----- Source records

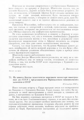 Из записи беседы заместителя народного комиссара иностранных дел СССР с представителем Французского национального комитета в СССР. 30 декабря 1942 г. // Печат. по арх.
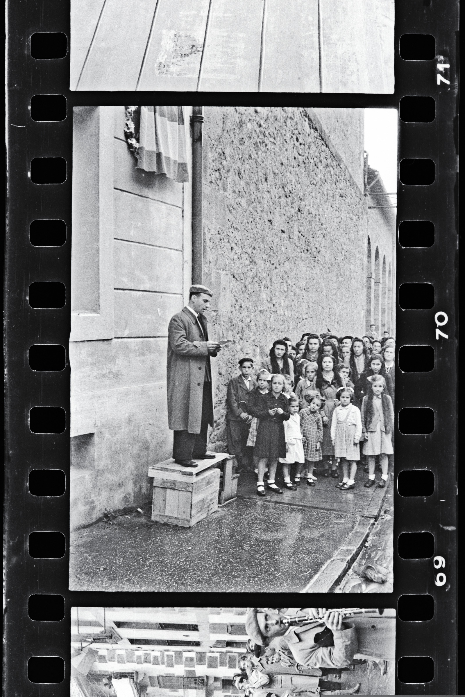 | Antzuolako Bustinzuri kaleko plakaren azpian gizon bat zutik eta beste guztiak bere begira. Agustin Telleria kalearen plaka jarri zenekoa izan daiteke | Brazo levantado |
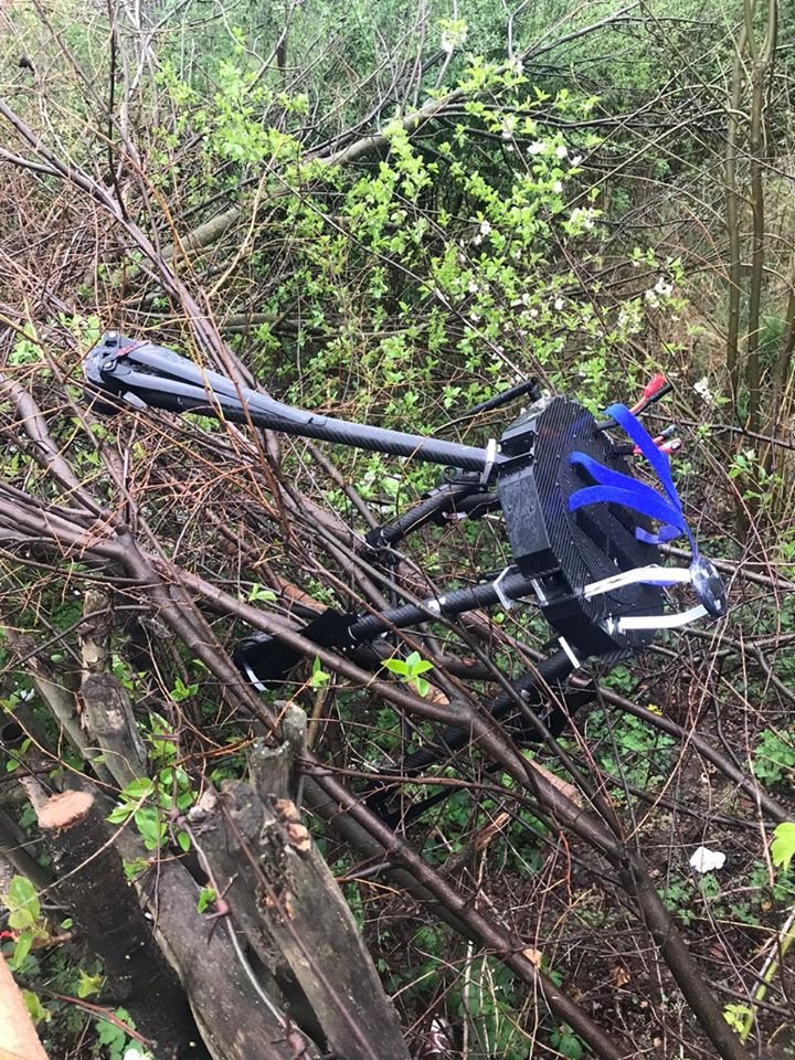 Також, на місці події було виявлено літальний апарат та два пакунки з товарами медичного призначення, а саме – захисні маски.
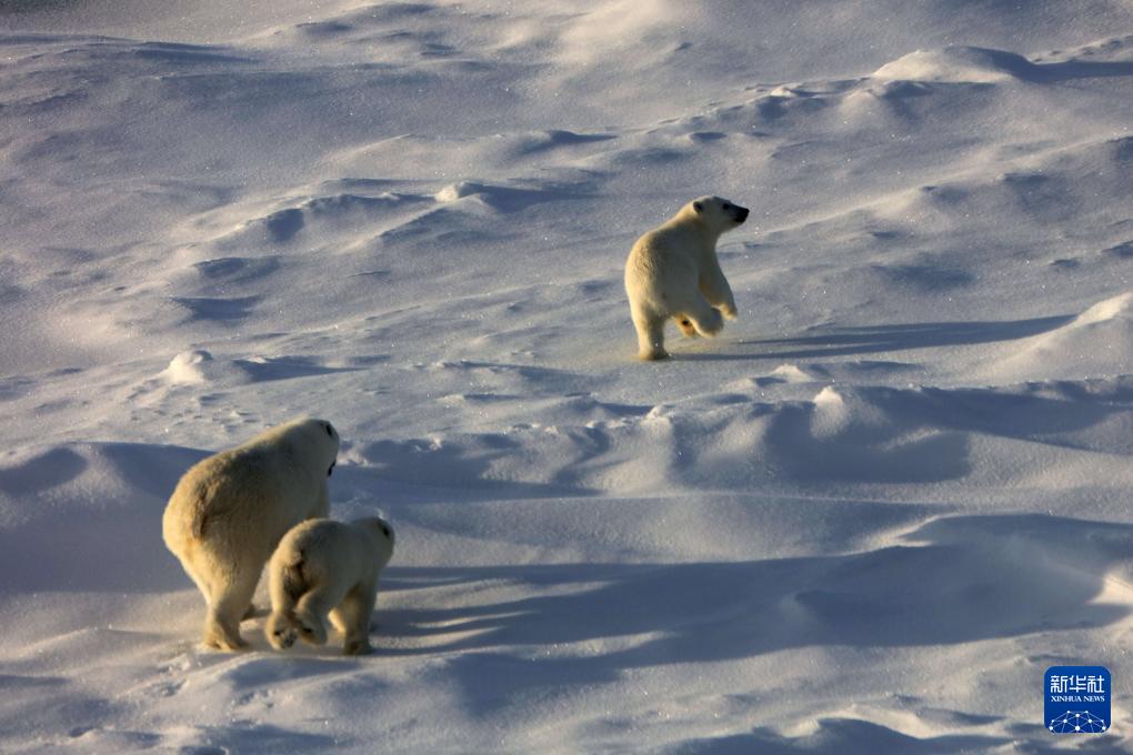 8月31日,北极熊妈妈和两只熊宝宝离开考察队冰上作业区。
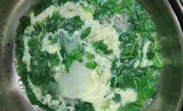 第二步:在火鍋中倒入適量的水,用旺火將水燒開,水燒開後將龍葵放入鍋中。接下來,將2、3個雞蛋打入碗中,加入鹽和雞粉,用筷子順時針方向攪拌,等鍋燒開約5、6分鐘後,將炒好的雞蛋倒入碗中,再次攪拌,大概是等著雞蛋在上盤前先煮熟!
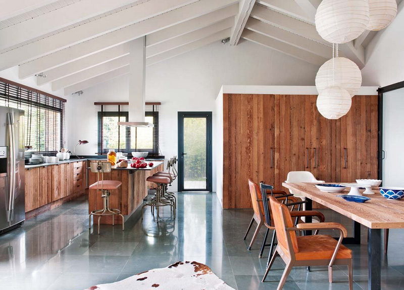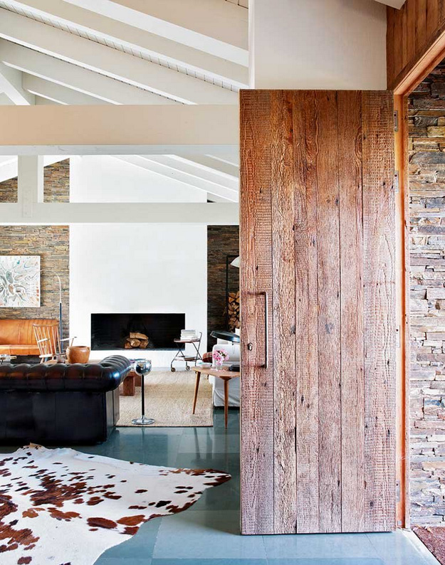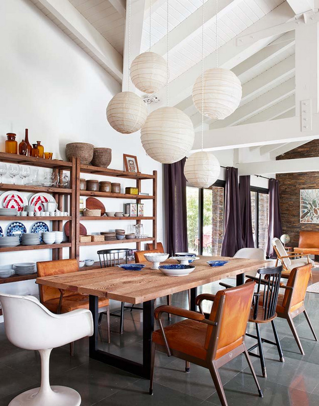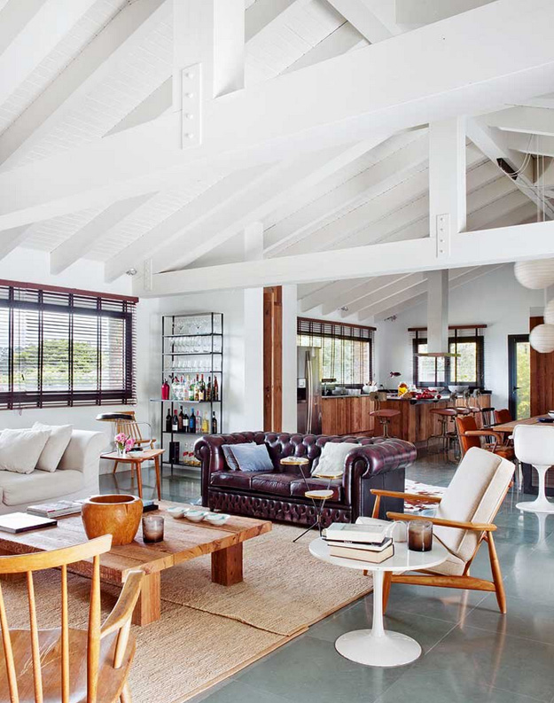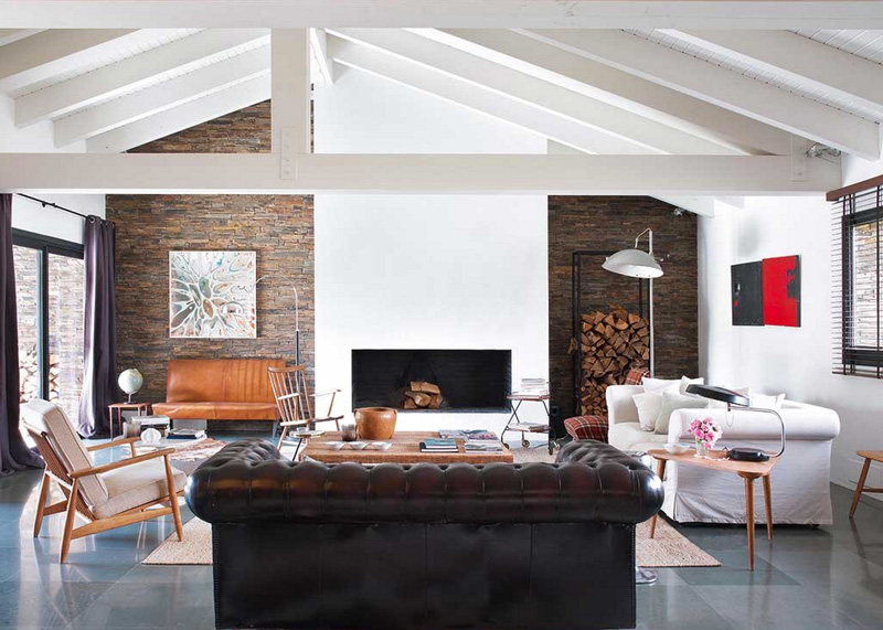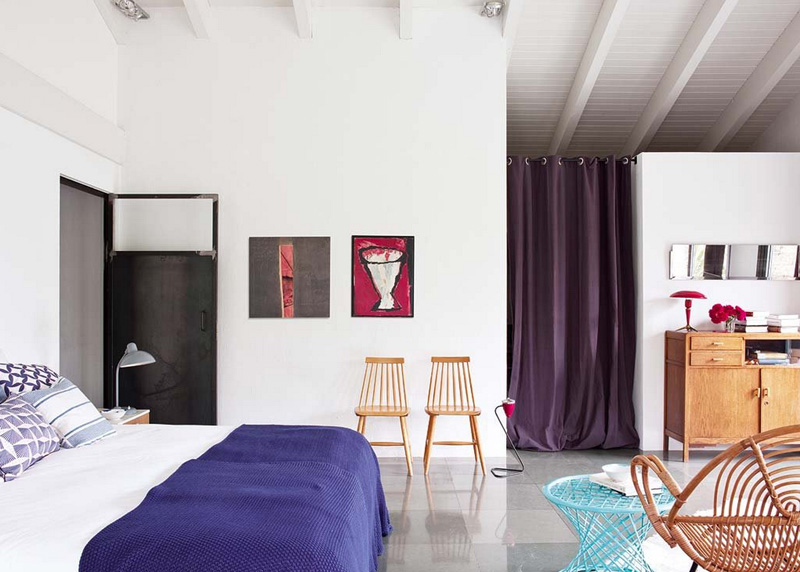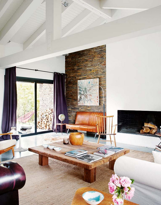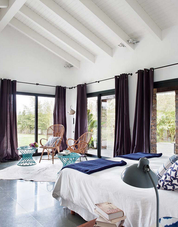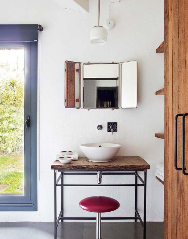 I fell in love/hate with this cottage/home in Spain featured in a recent issue of Nuevo Estilo. It’s huge open layout is perfect for cottage life and would be a fantastic gathering space of lots of friends and family. The combination of rustic (reclaimed wood, stone) mixed with a leather chesterfield and plaid chair also joined with some mid-century chairs and tables – bringing such disparate pieces together really works here. However, I am baffled by all of the window treatments – massively long purple curtains (why purple? WHY??) and blinds hung way too high. AGH!! The one red, one silver light fixtures in the bathroom…bad idea. (I won’t even discuss the bedding). And it is disappointing to see such a lazy approach to the ceiling and beams. Spraying it ALL white instead of leaving some of the raw wood showing, or at least the steal pieces. (Designed by Kotablue and Mercedes de las Heras)
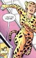 Powers: Cheetah had peak human agility and strength and was a ferocious combatant. She worse razor-sharp claws that could cut through steel. She suffered from extreme schizophrenia and alternated between an overwhelming inferiority complex and murderous rages.History: Debutante Priscilla Rich was mentally ill and suffered from an inferiority complex. At a charity event she threw she became insanely jealous of guest of honor Wonder Woman. She looked in the mirror and saw her evil side personified as a treacherous huntress dressed in a cheetah costume. She made the costume, took the identity of the Cheetah and dedicated herself to killing Wonder Woman.
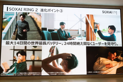バッテリー駆動時間は、前モデル「SOXAI RING 1」「SOXAI RING 1.1」では最大9日間だったところ、SOXAI RING 2は1.5倍の最大14日間に拡大した。充電時間は60〜120分間。バッテリーの種類はリチウムポリマー。
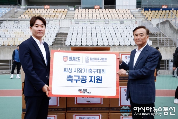 (사진제공=화성FC) [아시아뉴스통신=이상진 기자] 화성FC는 제18회 화성특례시장기 생활체육 축구대회를 맞이하여 화성종합경기타운에서 지역 축구인 응원과 대회 활성화 지원을 위해 축구공을 기부했다. 이번 기부를 통해 총 40여개 팀에 100개의 축구공이 전달됐으며, 지역 동호인과 생... 2026-04-08
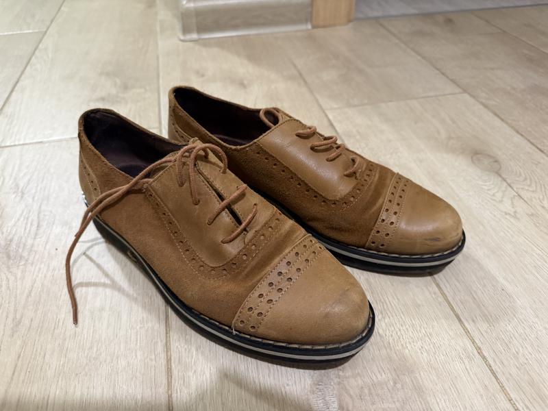 Шкіряні лофери іспанського бренду 39 розмір Стопа 25 см довжини і 8 см ширини Колір темно гірчичний.
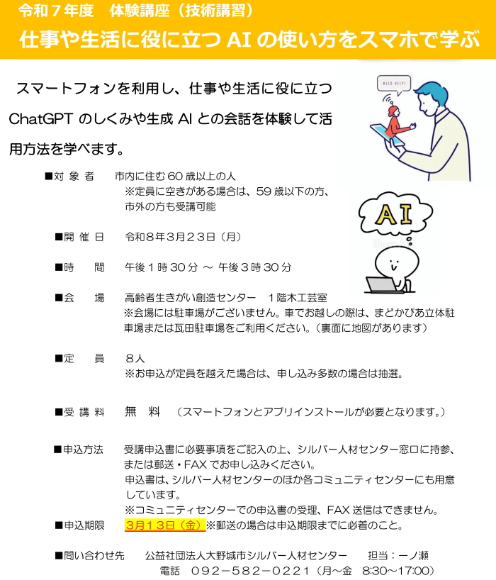 | (C)大野城市高齢者生きがい創造センター | ||||
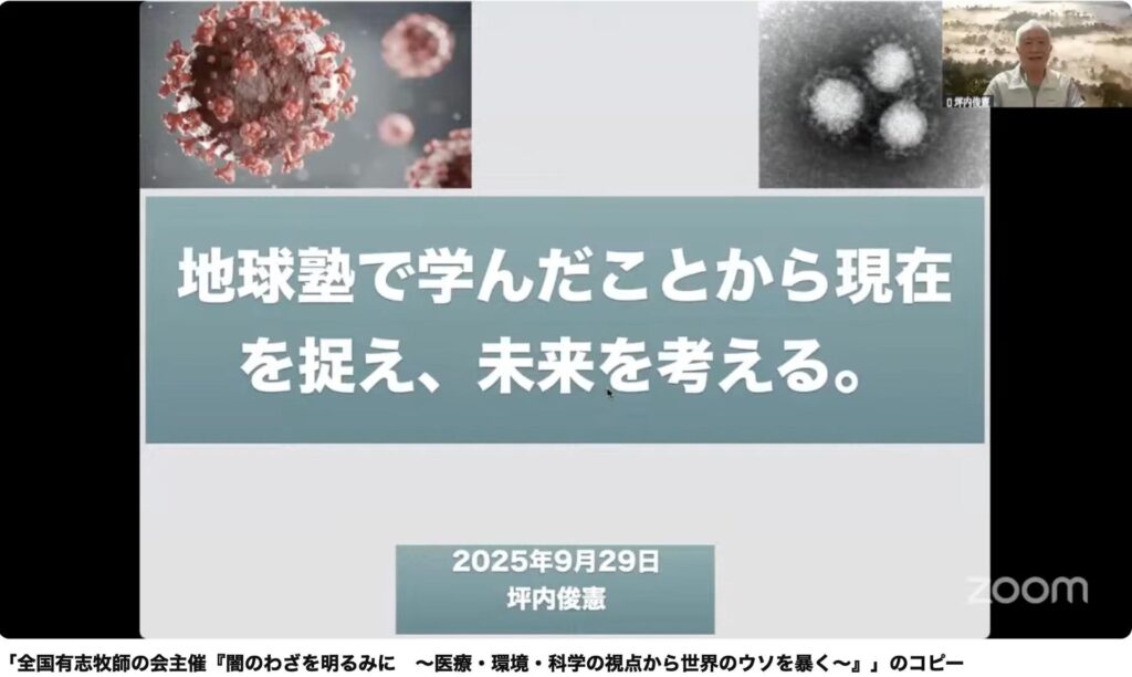 本会主催のオンラインセミナー「闇のわざを明るみに ~医療・環境・科学の視点から世界のウソを暴く~」が9月29日(月)19時~22時に開催され、86名の参加があった。講師の坪内俊憲氏は元WHO国際調査員であり獣医師という肩書を持ち、世界各国の自然保全に関わる業務を行い、WHOや製薬会社勤務などの国際的で多様な職務経験を活かし、幅広い分野への提言などの講演活動を行われている。
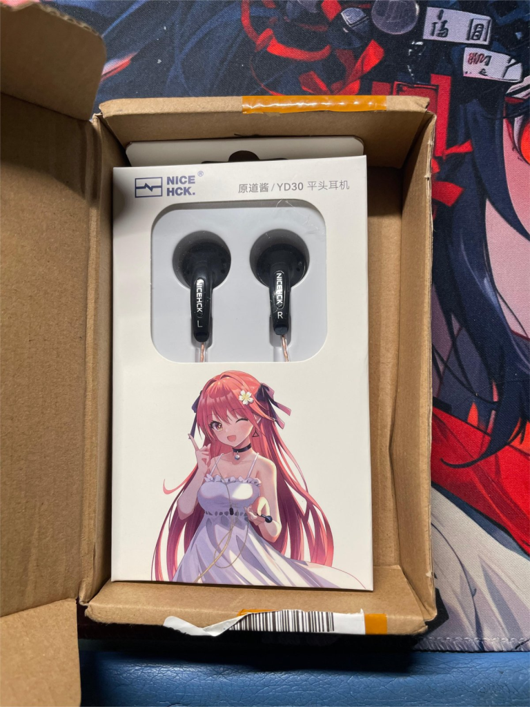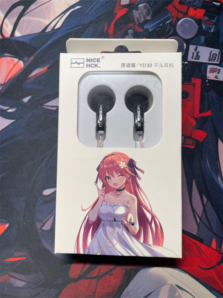 拆开外包装就是耳机本体包装了,看起来和路边文具店里的并无二致。正面就是可爱的原道酱,从上方的透明观察窗可以看见耳机的外观。

----------

◆ **About this task**
No pictures belong in the copy; output every record exactly.

◆ **Result below**
 Из записи беседы заместителя народного комиссара иностранных дел СССР с представителем Французского национального комитета в СССР. 30 декабря 1942 г. // Печат. по арх.
 | Antzuolako Bustinzuri kaleko plakaren azpian gizon bat zutik eta beste guztiak bere begira. Agustin Telleria kalearen plaka jarri zenekoa izan daiteke | Brazo levantado |
 Також, на місці події було виявлено літальний апарат та два пакунки з товарами медичного призначення, а саме – захисні маски.
 8月31日,北极熊妈妈和两只熊宝宝离开考察队冰上作业区。
 第二步:在火鍋中倒入適量的水,用旺火將水燒開,水燒開後將龍葵放入鍋中。接下來,將2、3個雞蛋打入碗中,加入鹽和雞粉,用筷子順時針方向攪拌,等鍋燒開約5、6分鐘後,將炒好的雞蛋倒入碗中,再次攪拌,大概是等著雞蛋在上盤前先煮熟!
 I fell in love/hate with this cottage/home in Spain featured in a recent issue of Nuevo Estilo. It’s huge open layout is perfect for cottage life and would be a fantastic gathering space of lots of friends and family. The combination of rustic (reclaimed wood, stone) mixed with a leather chesterfield and plaid chair also joined with some mid-century chairs and tables – bringing such disparate pieces together really works here. However, I am baffled by all of the window treatments – massively long purple curtains (why purple? WHY??) and blinds hung way too high. AGH!! The one red, one silver light fixtures in the bathroom…bad idea. (I won’t even discuss the bedding). And it is disappointing to see such a lazy approach to the ceiling and beams. Spraying it ALL white instead of leaving some of the raw wood showing, or at least the steal pieces. (Designed by Kotablue and Mercedes de las Heras)
 Powers: Cheetah had peak human agility and strength and was a ferocious combatant. She worse razor-sharp claws that could cut through steel. She suffered from extreme schizophrenia and alternated between an overwhelming inferiority complex and murderous rages.History: Debutante Priscilla Rich was mentally ill and suffered from an inferiority complex. At a charity event she threw she became insanely jealous of guest of honor Wonder Woman. She looked in the mirror and saw her evil side personified as a treacherous huntress dressed in a cheetah costume. She made the costume, took the identity of the Cheetah and dedicated herself to killing Wonder Woman.
バッテリー駆動時間は、前モデル「SOXAI RING 1」「SOXAI RING 1.1」では最大9日間だったところ、SOXAI RING 2は1.5倍の最大14日間に拡大した。充電時間は60〜120分間。バッテリーの種類はリチウムポリマー。
 (사진제공=화성FC) [아시아뉴스통신=이상진 기자] 화성FC는 제18회 화성특례시장기 생활체육 축구대회를 맞이하여 화성종합경기타운에서 지역 축구인 응원과 대회 활성화 지원을 위해 축구공을 기부했다. 이번 기부를 통해 총 40여개 팀에 100개의 축구공이 전달됐으며, 지역 동호인과 생... 2026-04-08
 Шкіряні лофери іспанського бренду 39 розмір Стопа 25 см довжини і 8 см ширини Колір темно гірчичний.
 | (C)大野城市高齢者生きがい創造センター | ||||
 本会主催のオンラインセミナー「闇のわざを明るみに ~医療・環境・科学の視点から世界のウソを暴く~」が9月29日(月)19時~22時に開催され、86名の参加があった。講師の坪内俊憲氏は元WHO国際調査員であり獣医師という肩書を持ち、世界各国の自然保全に関わる業務を行い、WHOや製薬会社勤務などの国際的で多様な職務経験を活かし、幅広い分野への提言などの講演活動を行われている。
 拆开外包装就是耳机本体包装了,看起来和路边文具店里的并无二致。正面就是可爱的原道酱,从上方的透明观察窗可以看见耳机的外观。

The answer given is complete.